YeGoblynQueenne•3mo ago
The best performance on GSM8K is currently at 0.973, so less than perfect [1]. Given that GSM8K is a grade school math question data set, and the leading LLMs still don't get all answers correctly it's safe to assume that they won't get all high school questions' answers correctly either, since those are going to be harder than grade school questions. This means there has got to be at least one example that GPT-5 as well as every other LLM fails on [2].

If you don't think that's the case I think it's up to you to show that it's not.

___________________

[1] GSM8K leaderboard: https://llm-stats.com/benchmarks/gsm8k

[2] This is regardless of what GSM8K or any other benchmark is measuring.

simianwords•3mo ago
Sure I didn’t say it was perfect. But questioning the essence of the article.
simianwords•3mo ago
“ In many reasoning-heavy benchmarks, o1 rivals the performance of human experts. Recent frontier models1 do so well on MATH2 and GSM8K that these benchmarks are no longer effective at differentiating models. We evaluated math performance on AIME, an exam designed to challenge the brightest high school math students in America.”

https://openai.com/index/learning-to-reason-with-llms/

The benchmark was so saturated that they didn’t even bother running it on the newer models.

Which is interesting because it shows the rapid progress LLMs are making.

I’m also making a bigger claim - you can’t get gpt-5 thinking to make a mistake in undergraduate level maths. At least it would be comparable in performance to a good student.

geoduck14•3mo ago
>At high school level maths you genuinely can’t get gpt-5 thinking to make a single mistake. Not possible at all.

If you give an LLM an incomplete question, it will guess at an answer. They don't know what they don't know, and they are trained to guess

simianwords•3mo ago
Example?
autop0ietic•3mo ago
I would think GPT5 is great at high school level math but what high school level math problems are not in the training data?
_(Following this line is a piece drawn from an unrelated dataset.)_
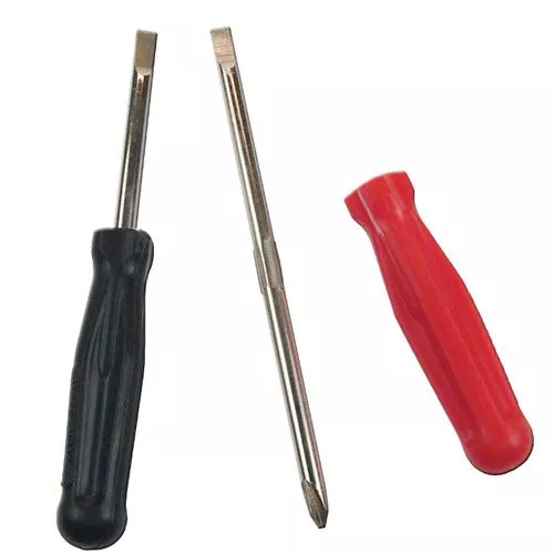 De staaf in het handvat van kunststof kan makkelijk uit de gleuf geschoven worden en is aan de ene kant een kruiskop schroevendraaier en ander de andere kant een normale.
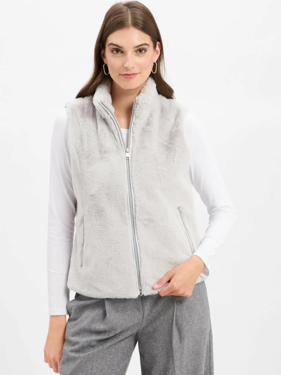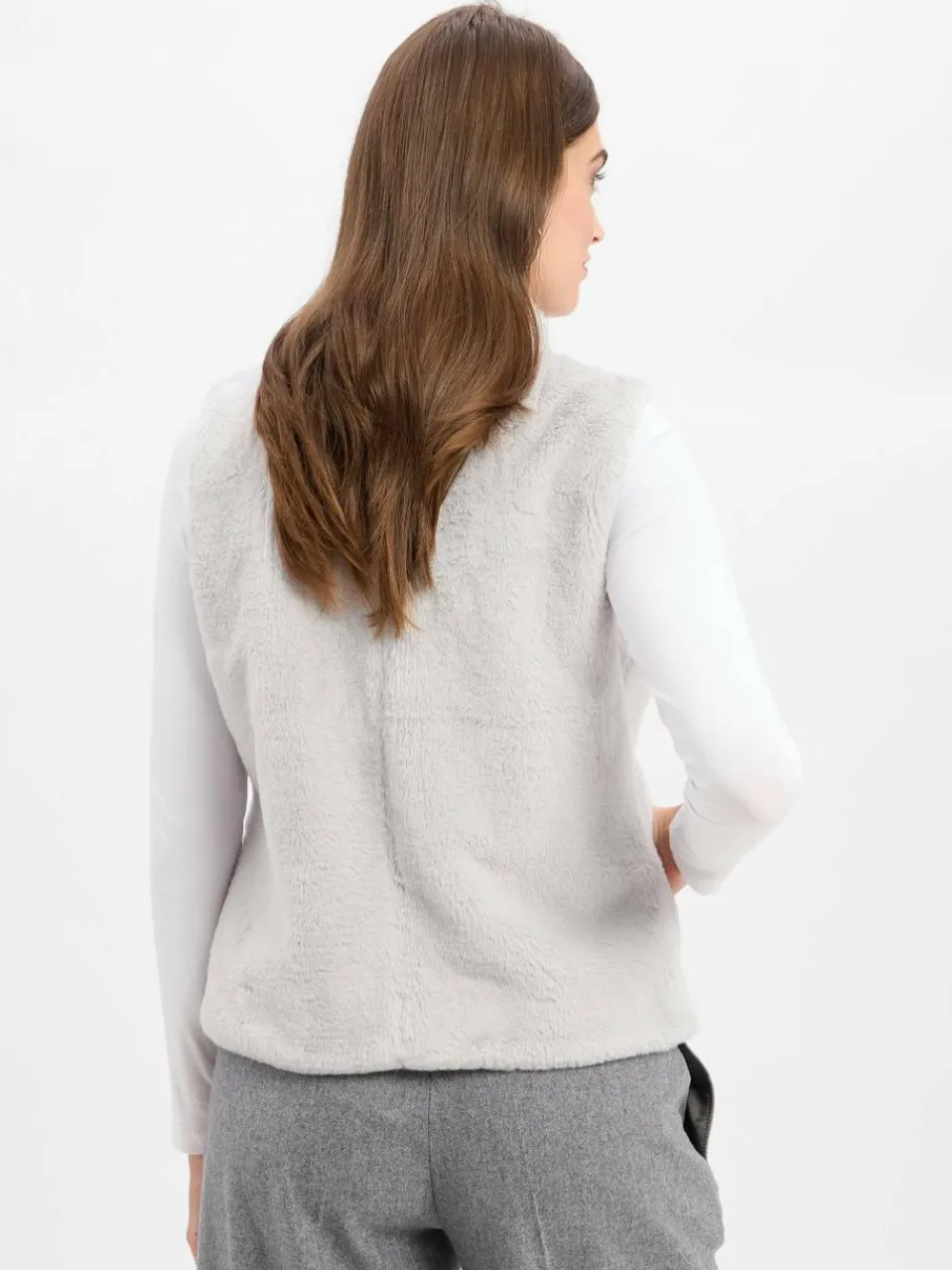 Gibt jedem Look eine trendige Note und ist perfekt für die Übergangszeit: die Marie Lund Weste aus kuscheligem Kunstfell mit praktischem Stehkragen.

I think the problem is that GPT5 is not "memorising" but conversely that doesn't automatically mean it is "reasoning". These are human attributes that we are trying to equate to machines and it just causes confusion.

simianwords•3mo ago
Make up one yourself and try it?
Khaine•3mo ago
I'm shocked, shocked, that AI is optimised to pass bogus benchmarks.

Just like how GPUs were optimised to pass synthetic benchmarks.